Di “Bologna grassa”, della sua tradizione gastronomica e del suo mito inossidabile si è scritto tantissimo, con oscillazioni ad ampio spettro fra la ricerca d’archivio e il luogo comune, l’indagine sul campo e la leggenda d’occasione. L’autocompiacimento e il campanilismo hanno giocato un ruolo importante in queste ricostruzioni, che solitamente hanno affrontato il tema in termini di merito ossia dimostrando, o piuttosto postulando, l’eccellenza della cucina locale. Questo libro, frutto di un convegno tenuto alcuni anni fa (ottobre 2000) all’Università di Bologna, vuole suggerire un’idea nuova e del tutto diversa: che l’immagine di Bologna capitale gastronomica, affermatasi nei secoli come elemento costitutivo dell’identità cittadina, si fonda non tanto sulla qualità intrinseca della cucina “locale” quanto sulla sua capacità di “mettersi in rete”, ossia di integrare questa identità in un complesso sistema di relazioni materiali e intellettuali, alimentato dalla dimensione internazionale che fin dal Medioevo caratterizzò la vita della città grazie alla presenza dello Studio - la più antica Università europea. Il caso di Bologna, lungi dal chiudersi in se stesso, diviene in tal modo paradigmatico di una più ampia riflessione: le identità culturali sono tanto più forti e radicate quanto più sono aperte all’esterno e quanto più si inseriscono in circuiti di scambio, di incrocio e di contaminazione.

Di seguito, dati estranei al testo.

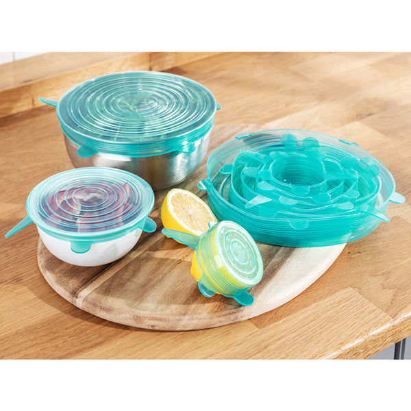 ### Silikondeckel 12er-Set - in 6 Größen - Zum Abdecken und Frischhalten - Extrem dehnbar und wiederverwendbar - Farben: Blaugrün, Granitschwarz oder Rot

Ciò, si badi, non esclude affatto che alla base del mito bolognese vi siano corpose motivazioni legate alla sua cucina e ai prodotti del suo territorio: i saggi raccolti nel volume lo mostrano, con riferimento alla documentazione scritta e iconografica, alla tradizione agronomica, alla letteratura e alla trattatistica locale. Ma proprio mentre si cercano le specificità di questa cultura, i tratti distintivi che consentano di giustificare l’eccellenza della cucina bolognese e l’immagine che essa si è conquistata nel mondo (“quando sentite parlare della cucina bolognese”, scriveva Pellegrino Artusi, “fate una riverenza, ché se la merita”), proprio allora ci si accorge che quella immagine non esisterebbe senza un contesto come quello dell’Università, senza una cultura dell’accoglienza e dello scambio che rappresenta, questa sì in modo forte e riconoscibile, il nodo centrale dell’identità cittadina.